Общим для всех свидетельств является представление о связи русалок с умершими. Характерно, что в полесских материалах эта связь часто формулировалась в ответах и отчетливо осознавалась носителями традиции: «Русалкы — це мертви, которы нехрыстени умирають между Троицею и Вшестьем» [ПА, Червона Волока]; «На русалном тыждни русалкы огромными кучами ходылы. Тые, которые мэртвии… С кладбишча вони приходили. Могуть залоскотать, с собой забрать» [ПА, Перга]; «Русалка ето смерть така, косы распустяны, у билом платте. То дух выходить человечый, потом ў землю идеть» [ПА, Лисятичи]; «Старые люди казали: мёртвые то стають, те каторые маладые, ў возрасте — деўка али женшчына маладая — шчо на Русалной недзели ци умерла, ци радиласа — ани сушчаствують ў русалках…» [ПМ-С, Дубровица]; «От, кажуть, ходить русалка по жыту, лякае… Это мерци, души умершые» [ПА, Нобель].

Большой интерес представляют свидетельства двойственного понимания природы русалок как «нечисти» и как «праведных, безгрешных душ»: «Русалок не называють „нечэста сила“, та людына щаслива, шо их побачить» [ПА, Поворск]; «З мертвецоў они, вроде, — и дивчатки, и хлопчики е: всякие ж умирають. Не кожный миртвец може буты русалкай — <только> як достоин того. Малые менш гриха мають» [там же]; «Тильки праведни люды бачили русалок…» [ПМ-Г, Свитязь]; «Русалки — то якись святы люди… Русалки праведные, это девочки до семи лет, им бог гриха прощает» [ПА, Речица]; «В русалки идут до совершенности… Пока ребёнок маленький, ешчэ не грешыт» [ПМ-С, Заозерная]; «Русаўночки по воздухи (идут), их только достойна душа бачить» [ПМ-С, Осовая].

В то же время много свидетельств иного типа: «Русалки паганы люди, як черти, нехрищоны» [ПА, Симоничи]; «От так, як черти, от так и русалки… Русалки з мертвыми имеюць якую-то связь» [ПА, Кочище]; «Русалка — это ведьма, может отобрать молоко у коров» [ПА, Комаровичи]; «От, русалка — плахая звер, паганая ета вабще.

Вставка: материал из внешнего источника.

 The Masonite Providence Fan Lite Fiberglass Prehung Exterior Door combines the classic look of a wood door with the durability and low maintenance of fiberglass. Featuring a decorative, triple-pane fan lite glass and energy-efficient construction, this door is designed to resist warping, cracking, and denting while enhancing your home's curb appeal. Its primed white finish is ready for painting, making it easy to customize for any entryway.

На звера русалка пахожа» [там же]; «Русалка — женшчына, екая умерла, да сарака дней каждый день хадзила; не любая — каторая за сабою што-то знала, плахое дела… Людей портют на Гряной недели» [ПА, Семцы].

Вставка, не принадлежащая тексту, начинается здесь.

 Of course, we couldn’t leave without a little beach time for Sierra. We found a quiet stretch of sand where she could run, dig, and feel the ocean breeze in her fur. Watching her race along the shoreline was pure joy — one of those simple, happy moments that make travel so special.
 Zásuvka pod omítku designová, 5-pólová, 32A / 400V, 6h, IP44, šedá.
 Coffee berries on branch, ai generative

Именно такое двойственное отношение в высшей степени характерно для восприятия умерших в поминальных обрядовых циклах и в погребальном ритуале: это одновременно и почитание, умилостивление, и страх, опасение, охранительные действия, изгнание. Амбивалентность этого типа не обязательно должна объясняться позднейшими эволюционными сдвигами или воздействием христианской религии, которая способствовала якобы переориентации восприятия «добрых» языческих духов (в том числе русалок) в качестве «нечистой», опасной и вредоносной силы. Методологически более продуктивным было бы отказаться от ставшего традиционным способа трактовки отдельных элементов образа русалки как «древнейших» и «позднейших». Без подробного изучения соотношения постоянных, наиболее устойчивых моментов описания с варьирующими формами, синхронно бытующими в разных локальных традициях, ход эволюционных преобразований не станет вполне понятным. Утверждения типа: «вредоносность русалок — позднее явление», «страшный облик русалок возник под влиянием церкви» и подобные, или что «связь русалок со стихией воды является исконной, а с житом — позднейшей» — достаточно бесперспективны, так как основываются на произвольных предположениях до того, как будет предпринята попытка реконструировать общую инвариантную схему для данного комплекса явлений. По-видимому, более правильным на современном этапе исследований будет допустить — как это сделано в диссертационной работе О. А. Седаковой «Обрядовая терминология и структура погребального обряда», — что такая двойственность, логическая непроясненность и противоречивость образа «потустороннего мира» может быть признана явлением синхронного среза, так как это свойства самой модели языческого мира, позволяющие совмещать черты, на современный взгляд, взаимоисключающие. Невозможность однозначно описать «тот свет», который расположен и под землей, и на небесах, и за водной преградой, и в лесах, и на вершинах гор, и в пространстве дома (покуть, запечье) — лучший тому пример.

В дальнейшем мы увидим, что весь материал поверий и быличек о русалках пронизан именно такими амбивалентными связями.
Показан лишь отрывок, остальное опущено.